Phase 2 is an 8-week course that focuses on the Marine Special Ops Unit. Marines will master small-unit tactics, intelligence gathering, maritime navigation, small boat handling and field training exercises in urban/non-urban environments.

Phase 3 is a 5-week course where precision training starts to challenge the Marines further. Close Quarters Combat, marksmanship, shooting and moving through a target as a team is the focus of Phase 3.

Phase 4 is a 7-week course on Asymmetric Warfare, which teaches the Marine how to think like the enemy in order to disrupt their insurgencies, acts of terror, or guerrilla warfare.


----------



## Chopstick (Apr 4, 2014)

This article is slightly inaccurate.  The Commandant will first have to clear this name change with his wife, Bonnie Amos FLOTMC. (First Lady of the Marine Corps.)


----------



## AWP (Apr 4, 2014)

The history geek in me loves the idea. I know a well-respected member told me that an unofficial movement to do just that began after MARSOC was stood up. Now it seems to have progressed to an official request. Good on them. I'm curious to see how "Blue Falcon 1" will handle this.


----------



## DA SWO (Apr 4, 2014)

Freefalling said:


> The history geek in me loves the idea. I know a well-respected member told me that an unofficial movement to do just that began after MARSOC was stood up. Now it seems to have progressed to an official request. Good on them. I'm curious to see how "Blue Falcon 1" will handle this.

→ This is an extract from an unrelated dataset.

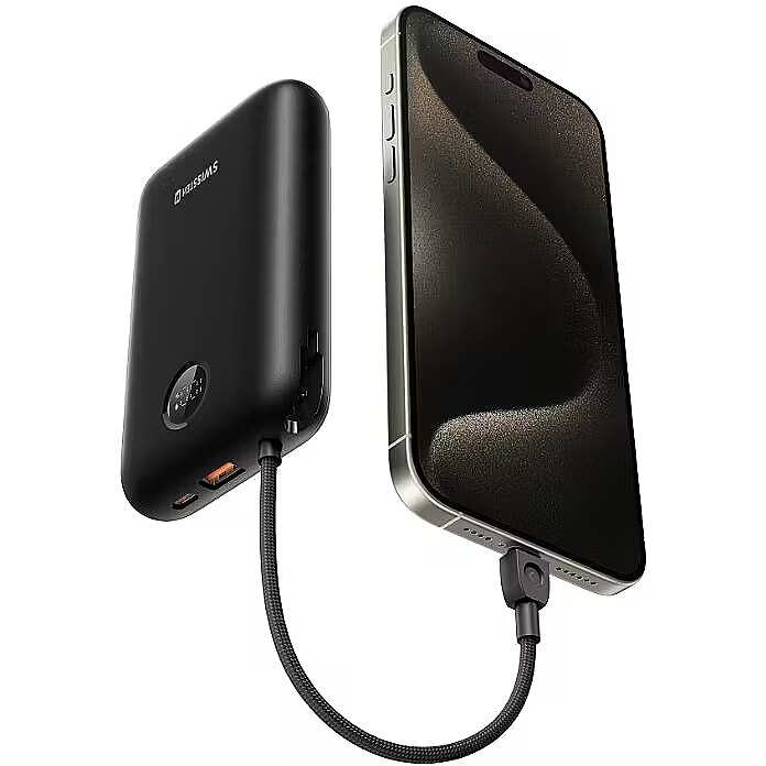 Integrated USB-C and Lightning cables for convenient charging without additional accessories.

Is this accurate, or being done to "revive" the Raider nome de guerre?
IIRC SF had the Ranger lineage for awhile, not accurate, but done to preserve the 75th Lineage


----------



## AWP (Apr 4, 2014)

SOWT said:


> Is this accurate, or being done to "revive" the Raider nome de guerre?
> IIRC SF had the Ranger lineage for awhile, not accurate, but done to preserve the 75th Lineage


 
Probably some of both. The Army and AF stand up new units and assign them old lineages.


----------



## Teufel (Apr 4, 2014)

SOWT said:


> Is this accurate, or being done to "revive" the Raider nome de guerre?
> IIRC SF had the Ranger lineage for awhile, not accurate, but done to preserve the 75th Lineage



It's not an accurate lineage.  It's just being done to revive the name.  MARSOC was built on the back of Force Reconnaissance Marines (1st and 2nd Force to be specific) and Recon Marines trace their lineage back to the Raiders. The Raiders, however, actually keep a closer lineage and mission set to the amphibious raid companies on the Marine Expeditionary Units (MEU).  1st Raider Regiment was redesignated 4th Marine Regiment in 1944 and 1st-4th Raider Battalions became 1/4, 2/4 and 3/4.  The boat company for 1/4, Alpha Company Raiders, is really motivated about their lineage and to be fair they are the closest thing to a modern day Raider.  The Raiders were an elite infantry company that conduct amphibious raids on the grandfather of the zodiac rubber raiding craft.  Sounds like a MEU boat company to me.  Minus the elite.  Most boat companies are a cut above the other companies in their battalions so I'll buy that for a dollar.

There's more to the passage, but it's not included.